В лагере было три вида пайков - "котлового довольствия" заключенных стахановский, ударный и производственный - кроме штрафных, следственных, этапных. Пайки отличались друг от друга количеством хлеба, качеством блюд. В соседнем забое горный смотритель отмерил каждому рабочему расстояние - урок и прикрепил там папиросу из махорки. Вывезешь грунт до отметки - твоя папироса, стахановец.
- Вот как было дело,-сказал я.- Это - уродство, по-моему.
- Потом вы говорили, что Бунин - великий русский писатель.
- Он действительно великий русский писатель. За то, что я это сказал, можно дать срок?
- Можно. Это - эмигрант. Злобный эмигрант. "Дело" шло на лад. Федоров был весел, подвижен.
- Вот видите, как мы с вами обращаемся. Ни одного грубого слова. Обратите внимание - никто вас не бьет, как в тридцать восьмом году. Никакого давления.
- А триста граммов хлеба в сутки?
- Приказ, дорогой мой, приказ. Я ничего не могу поделать. Приказ. Следственный паек.
- А камера без окна? Я ведь слепну, да и дышать нечем.
- Так уж и без окна? Не может этого быть. Откуда-нибудь свет попадает.
- Из дверной щели снизу.
- Ну вот, вот.
- Зимой бы застилало паром.
- Но сейчас ведь не зима.
-- И то верно. Сейчас уж не зима.
- Послушайте,-сказал я.-Я болен. Обессилел. Я много раз обращался в медпункт, но меня никогда не освобождали от работы.
- Напишите заявление. Это будет иметь значение для суда и следствия.
Я потянулся за ближайшей авторучкой - их множество, всяких размеров и фабричных марок, лежало на столе.
- Нет, нет, простой ручкой, пожалуйста.
- Хорошо.
Я написал: многократно обращался в амбулаторные зоны - чуть не каждый день. Писать было очень трудно - практики в этом деле у меня маловато.
Федоров разгладил бумажку.
- Не беспокойтесь. Все будет сделано по закону.
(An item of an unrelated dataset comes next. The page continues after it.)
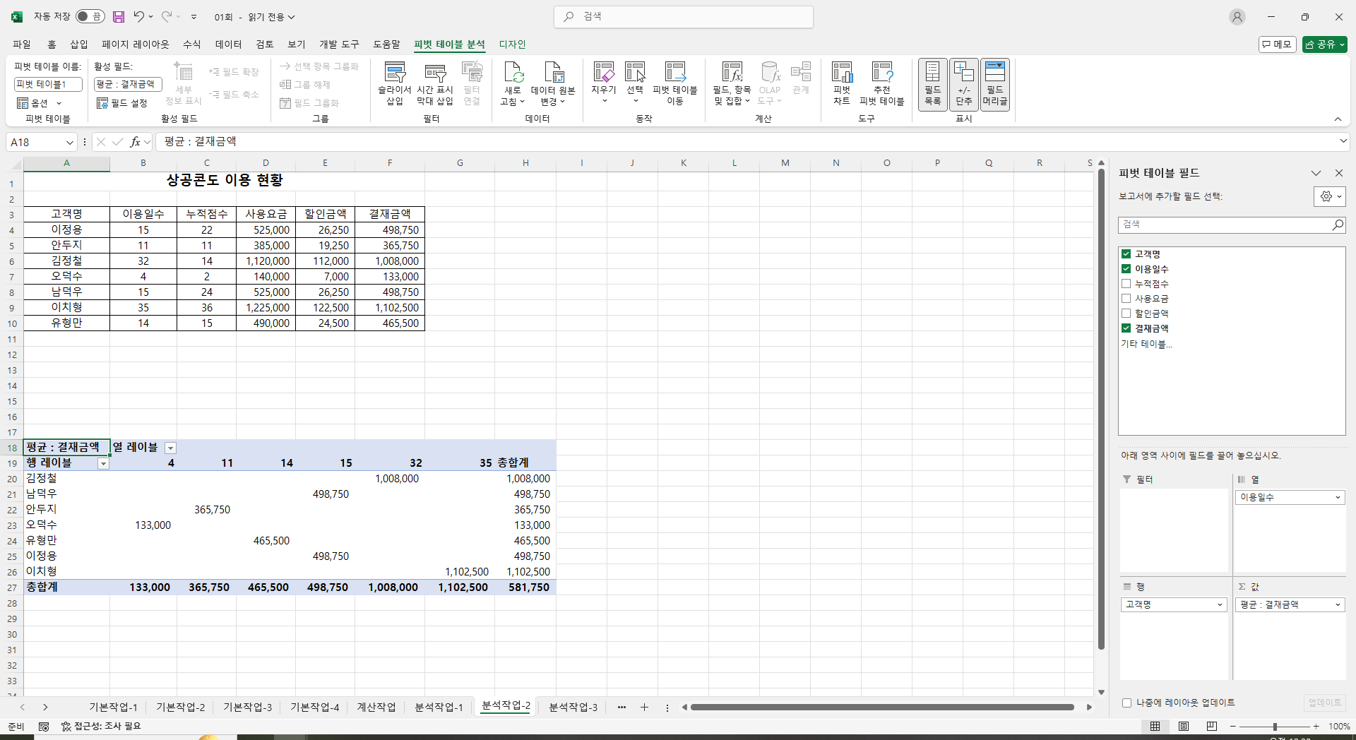 -피벗 테이블 결과 X [D20]에서의 값이 (1,008,000)로 정답(1008000)과 다릅니다.

В тот же вечер замки моей камеры загремели, и дверь открылась. В углу на столике дежурного горела "колымка" - четырехлучевая бензиновая лампочка из консервной банки. Кто-то сидел у стола в полушубке, в шапке-ушанке.
- Подойди.
Я подошел. Сидевший встал. Это был доктор Мохнач, старый колымчанин, жертва тридцать седьмого года. На Колыме работал на общих работах, потом был допущен к врачебным обязанностям. Был воспитан в страхе перед начальством. У него на приемах в амбулатории зоны я бывал много раз.
- Здравствуйте, доктор.
- Здравствуй. Разденься. Дыши. Не дыши. Повернись. Нагнись. Можно одеваться.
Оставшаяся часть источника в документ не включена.